AI-Resistant Version:

Memory Component: Students are asked to reconstruct both arguments without referring to the texts. Noticing Prompt: “Which language choices or rhetorical moves stuck with you? Why do you think they were effective?” Reflective Task: Then they read the AI version and critique it using their reconstructed understanding.

Outcome: Encourages active noticing and deeper metacognition.


Task: Academic Commentary

AI-Prone Version: “Add your own commentary on the source material.” → Students use AI to rephrase and “comment” with bland, general ideas.

AI-Resistant Version:

In-Class Prompt: “What stood out most when reading X? What did you disagree with? Write your commentary as if you’re writing a letter to the author.” Group Feedback: Share commentaries aloud, discuss patterns and personal reactions. Memory Angle: No notes allowed at first—just recall and reflection.

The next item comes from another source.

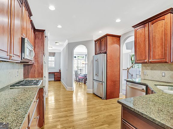 Welcome to this stunning end-unit townhome, brimming with natural light and thoughtful design. The open-concept main level feels more like a single-family home, offering seamless flow throughout. The chef's kitchen features granite countertops, gas cooktop, double ovens, KitchenAid stainless steel refrigerator, and a spacious pantry with a clever office nook. The living room impresses with its stone fireplace, dining space, and easy access to the private deck perfect for relaxing or entertaining. A separate dining area at the front of the home is framed by a beautiful bay window. Upstairs, the expansive primary suite offers a large bedroom with an additional sitting area and fireplace, a spa-inspired bath, and TWO oversized walk-in closets. Another spacious bedroom, full bath, and convenient laundry room complete the upper level. The lower level provides a two-car garage, ample storage, plus a private bedroom and full bath ideal for guests or a home office. All of this in an unbeatable location, just minutes to the vibrant shops and restaurants of Oak Grove, with top-rated schools nearby and easy access to Emory, CDC, and the new CHOA campus.
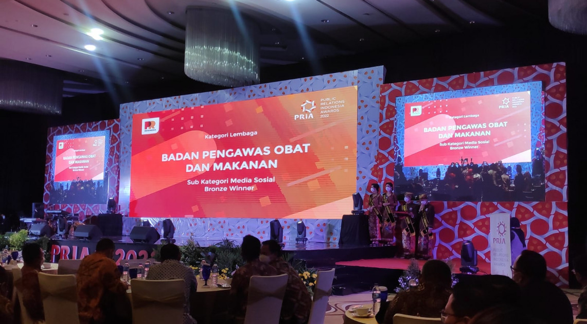 Semarang - Media Sosial Badan POM mendapatkan penghargaan berupa Bronze Winner dari ajang PR Indonesia Awards (PRIA 2022), Jumat (25/03/2022). Apresiasi ini diberikan langsung oleh CEO PR INDONESIA, Asmono Wikan kepada Badan POM pada malam penganugerahan PRIA 2022. Jika pada tahun-tahun sebelumnya Badan POM secara berturut mendapatkan penghargaan khusus sebagai Lembaga Terpopuler di Media, pada tahun ini Media Sosial Badan POM yang mendapatkan penghargaan PRIA 2022.

Outcome: Commentary becomes meaningful and personally invested.


A Way Forward: Reclaiming Our Cognitive Agency

The point isn’t to ban AI. It’s to reclaim what it has begun to displace—our awareness, our recall, and our agencyin learning.

By making memory and noticing central to task design, we can:

  • Encourage students to grapple with ideas, not just polish them.
  • Make cheating harder and learning deeper.
  • Remind ourselves—and our students—that knowledge isn’t just out there. It’s in here.